Assignment. Copy the lines running from the one that contains "Portable EV Charger" to the end of the entries below, exactly and with no pictures.

Extracted data.
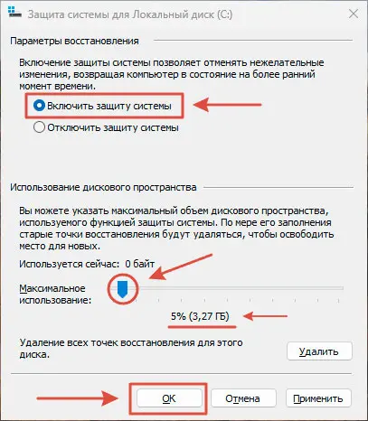 – По умолчанию System Protection включена только для системного диска (C:). Для других дисков активируйте защиту вручную:
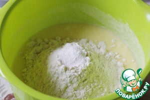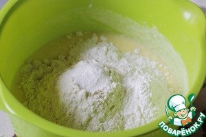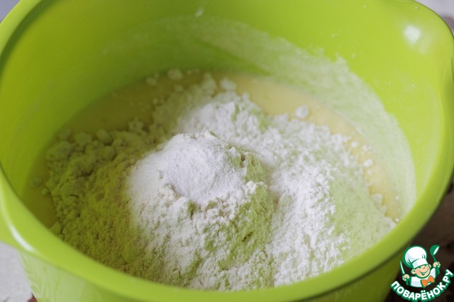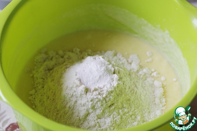 Всыпать муку, смешанную с разрыхлителем.
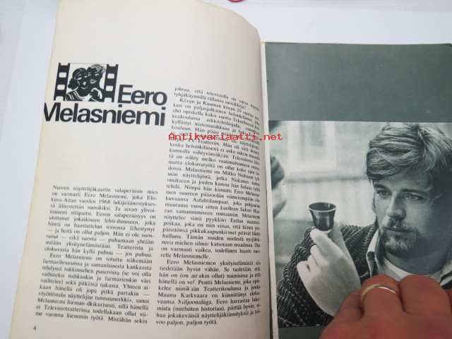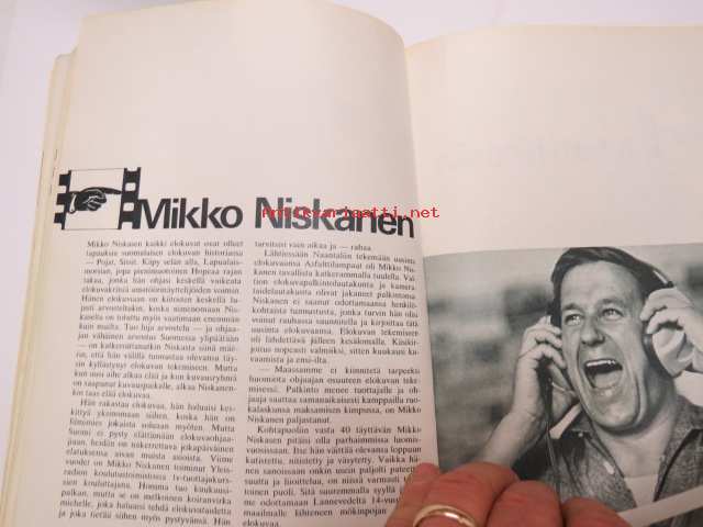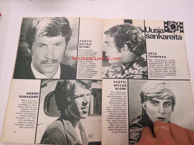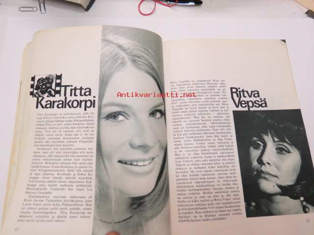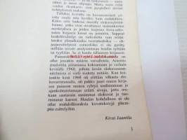 | Saatavilla | 1 kpl | | Julkaisuvuosi | 1968 | | Sivuja | 64 | | Painos | 1. | | Kunto | K2 | | Sidonta/painoasu | Nidottu (pehmeäk.) | | Kielet | Suomi |
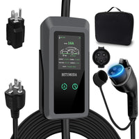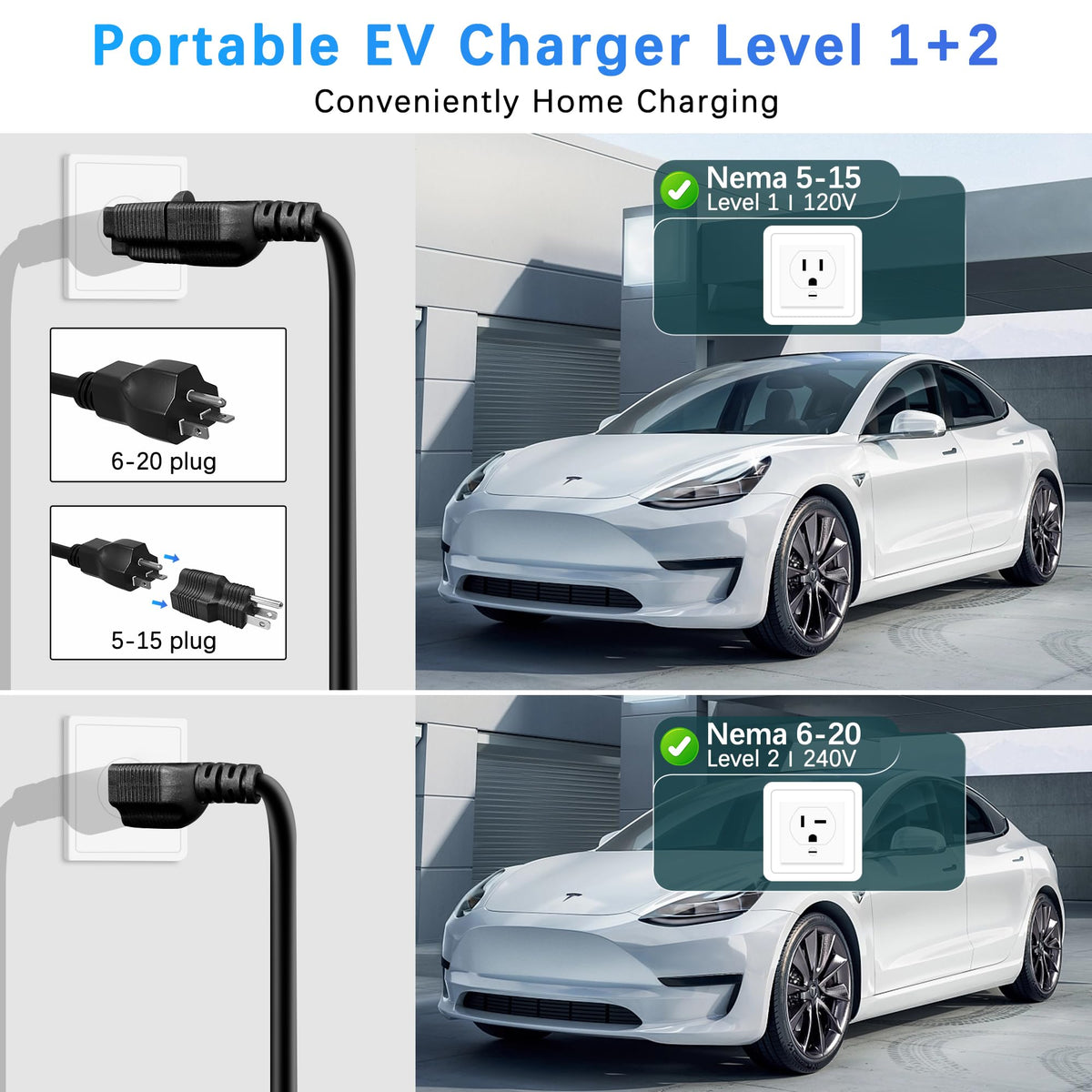 Portable EV Charger (Level 1 & Level 2) with 25ft Charging Cable, SAE-J1772 Compliant, 16A/13A/10A/8A, 110V-240V. NEMA 6-20 (220V or 240V) and NEMA 5-15 (110V). All Tesla Models require adapter utilize this charger(Adapter Not Included).
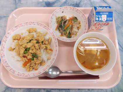 試験最終日で久しぶりの給食になります。親子丼は和食ですが、親しみ易い料理で、ほっとする味付けです。試験明けなので、ほっとできる料理に心がけました。梅肉和えは、練り梅の酸味がきいた野菜のお浸しで、人気の高い料理です。蒸し暑い日が続くので練り梅の酸味が、さわやかに感じられました。汁物には野菜や豆腐がたくさん入りました。
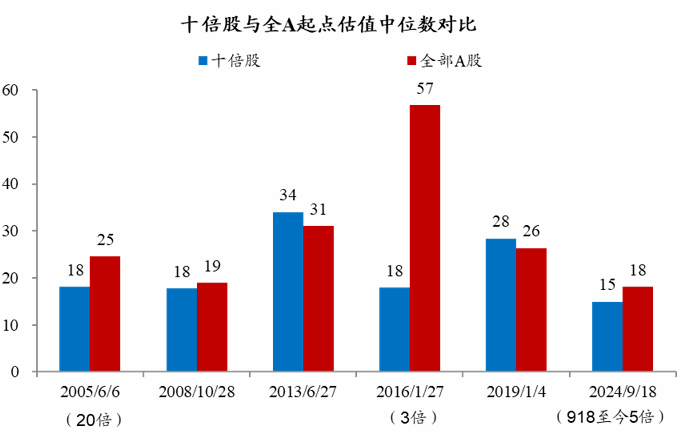 事实上,股价在指数系统性行情下,上涨1倍还是3倍,取决于后续业绩与市场情绪,以及业绩表现的综合博弈结果。而如果本身估值便宜,至少可以让投资者理论上具备一定的折价先发优势。但能“买在无人问津处”的智者,又有几人呢?事实上,本轮行情演变至今所跑出的100只五倍股,估值在起步阶段就处全A 20%以下分位的占比,已经接近三分之一;绝对值看,本轮五倍股起始PE中位数(15倍)也低于全A的“18倍”。估值水平低廉,意味着投资者入市的系统性风险系数相对较小,客观上会给市场传递“股价被低估”的信号。而在行情加速后,一旦业绩予以配合,更容易吸引机构资金的配置力量。

Answer to the exercise.
 Portable EV Charger (Level 1 & Level 2) with 25ft Charging Cable, SAE-J1772 Compliant, 16A/13A/10A/8A, 110V-240V. NEMA 6-20 (220V or 240V) and NEMA 5-15 (110V). All Tesla Models require adapter utilize this charger(Adapter Not Included).
 試験最終日で久しぶりの給食になります。親子丼は和食ですが、親しみ易い料理で、ほっとする味付けです。試験明けなので、ほっとできる料理に心がけました。梅肉和えは、練り梅の酸味がきいた野菜のお浸しで、人気の高い料理です。蒸し暑い日が続くので練り梅の酸味が、さわやかに感じられました。汁物には野菜や豆腐がたくさん入りました。
 事实上,股价在指数系统性行情下,上涨1倍还是3倍,取决于后续业绩与市场情绪,以及业绩表现的综合博弈结果。而如果本身估值便宜,至少可以让投资者理论上具备一定的折价先发优势。但能“买在无人问津处”的智者,又有几人呢?事实上,本轮行情演变至今所跑出的100只五倍股,估值在起步阶段就处全A 20%以下分位的占比,已经接近三分之一;绝对值看,本轮五倍股起始PE中位数(15倍)也低于全A的“18倍”。估值水平低廉,意味着投资者入市的系统性风险系数相对较小,客观上会给市场传递“股价被低估”的信号。而在行情加速后,一旦业绩予以配合,更容易吸引机构资金的配置力量。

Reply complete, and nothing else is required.